Я все время думаю о том, сколько душ было загублено в России. И многие убитые были бы наверняка близки мне, к русской относясь интеллигенции. По ней смертельная коса прошлась особенно активно. Я – вульгарный и неисправимый атеист, но, думая об этих людях, очень я хочу, чтобы загробный мир существовал. И чтоб они хотя бы там сумели получить вознаграждение за их земную преждевременную и мучительную гибель.

Но теперь вернусь на Мертвую дорогу. Ни одна из дьявольских и грандиозных затей того времени не породила столько мифов. Самый из них звучный – будто бы Иосиф Сталин, ознакомившись с проектом, высказался, словно Петр Первый: «Русский народ давно мечтает иметь выход в Ледовитый океан…» Ему было видней, конечно. Легенда, которая оказалась наиболее устойчивой, сохранилась по сию пору, – проста

и достоверна много более: под каждой шпалой этой брошенной и незаконченной дороги – кости заключенных, что строили ее. Проложить успели – километров восемьсот.

Понять восторг отца народов нам не трудно: он, попыхивая трубкой, видел карту. На ней тянулась вдоль берега Ледовитого океана, рассекала Уральские горы (за полярным кругом там была долина) и ползла к Игарке (это Енисей уже) красивая и аккуратная линия железной дороги. Вождь не мог не помнить, как ему однажды доложили: прямо в устье Енисея (года два уже, как шла война) преспокойнейше зашел немецкий тяжелый крейсер «Адмирал Шеер», покрутился там, как дома, и ушел. А как шныряли там немецкие подлодки! Пусть теперь попробует какой-нибудь мерзавец – база Северного флота рядом.

И потянулись в этот край потоки заключенных. По весне сорок седьмого это было. Теперь совсем немного – о природе тех краев. Там десять месяцев в году стоит зима с сорокаградусным морозом и свирепыми ветрами.

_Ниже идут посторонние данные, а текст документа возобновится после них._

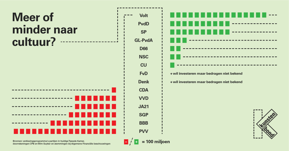 De Kunstenbond presenteert onderstaande heldere infographic. In een oogopslag is duidelijk welke partijen wel of juist geen stevige plek willen voor kunst, cultuur, erfgoed en de creatieve sector in een volgend kabinet. Peter van den Bunder van de Kunstenbond: “Wij hopen dat deze infographic helpt om zichtbaar te maken wat er op het spel staat. Ga stemmen op 29 oktober, want de verschillen zijn groot!”.
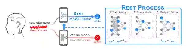 我们开发了REST,这是第一个专为家庭睡眠监测设计的噪声稳健和高效的深度学习模型,通过(1)对抗性训练和(2)频谱正则化赋予模型噪声稳健性;通过(3)稀疏正则化实现压缩,促进能源和计算效率(第八章)。
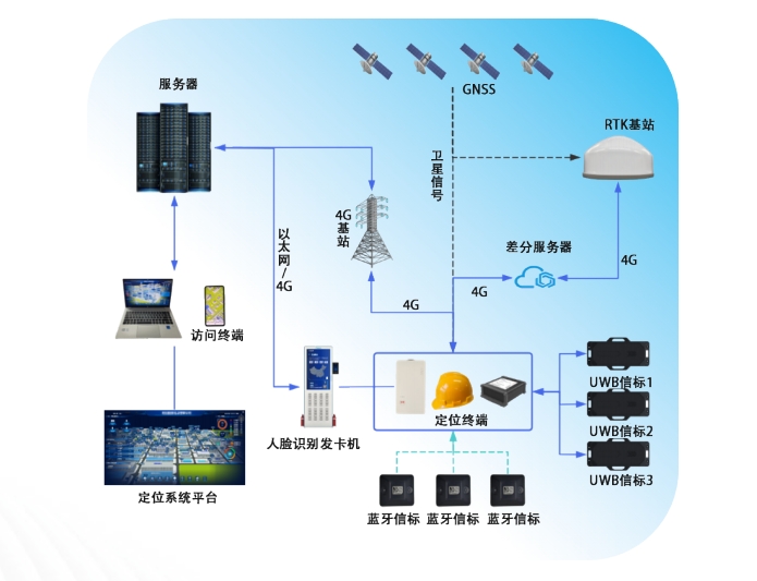 RTK+UWB+藍(lán)牙+4G融合人員定位安全管理系統(tǒng)拓?fù)鋱D:
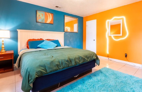 Prepara una comida casera en la cocina, equipada con horno, placa de cocina y frigorífico, además de máquina de hielo, microondas y utensilios de cocina. Pon a prueba tus habilidades jugando al futbolín, o disfruta del wifi gratis y de la smart TV. El cuarto de baño incluye toallas, jabón y champú. Y no tendrás que llevarte ropa de más, porque podrás aprovechar la lavadora y la secadora. Otras comodidades de este alojamiento de 2 dormitorios y 2 baños incluyen ropa de cama, calefacción y una mesa de comedor.
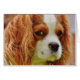Fotografia de um Rei Charles Spaniel parecendo muito sério e talvez um pouco aborrecido.
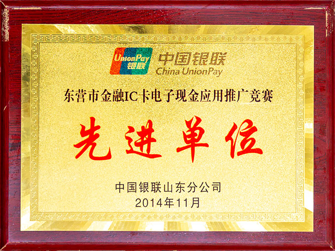 東營市金融IC卡電子現(xiàn)金應(yīng)用推廣競賽先進單位
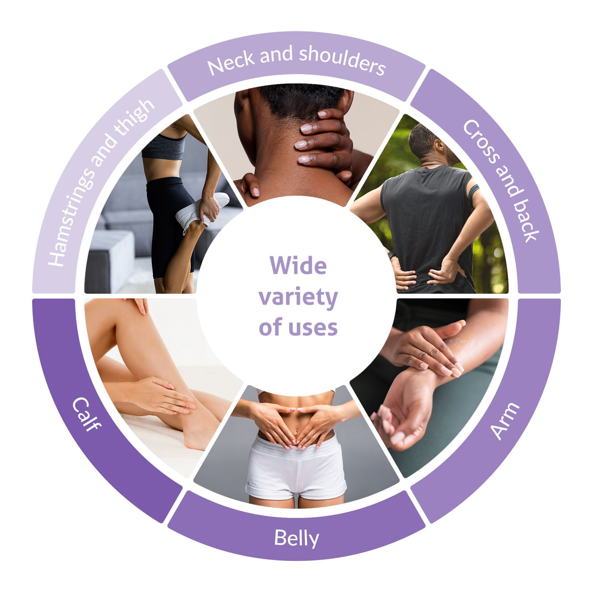 - Za masažo vratu, križa, hrbta, stegen, meč in stopal.
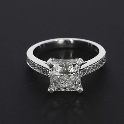 This captivating engagement ring features a stunning princess cut diamond, celebrated for its modern square shape and brilliant sparkle. The elegant center stone is beautifully complemented by a band adorned with additional dazzling diamonds, creating continuous brilliance and enhancing the ring's overall radiance. This design offers a sophisticated and timeless symbol of love.
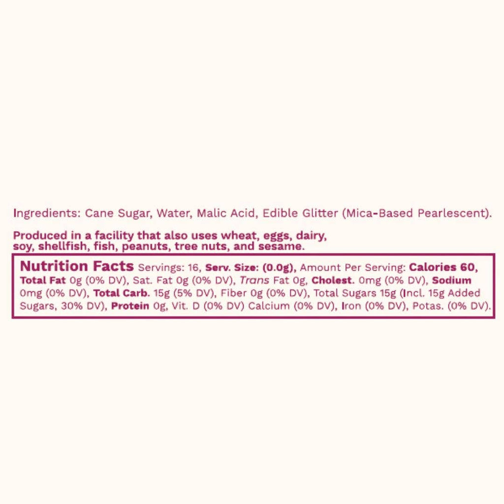 Ingredients: Cane sugar, water, edible glitter (mica), malic acid.

Нет, конечно, не все время ни мороз такой, ни ветры, но достаточно и месяца для человека, кое-как одетого, полуголодного (точней, голодного всегда), работающего на распахнутом пространстве, а ночующего – в шалаше, землянке или домике из торфа и травяного дерна. До минус двадцати пяти бывало по утрам в таком укрытии. Спали там по очереди, места не хватало. А когда бараки появились, такая же осталась теснота. Двухъярусные нары из жердей. Матрас или тюфяк – большая редкость, их обычно забирали уголовники. Обувь свою первая смена передавала второй. Снега выпадало столько, что в пургу по трубы заносило паровозы, про насыпь, где укладывались шпалы, нечего и говорить.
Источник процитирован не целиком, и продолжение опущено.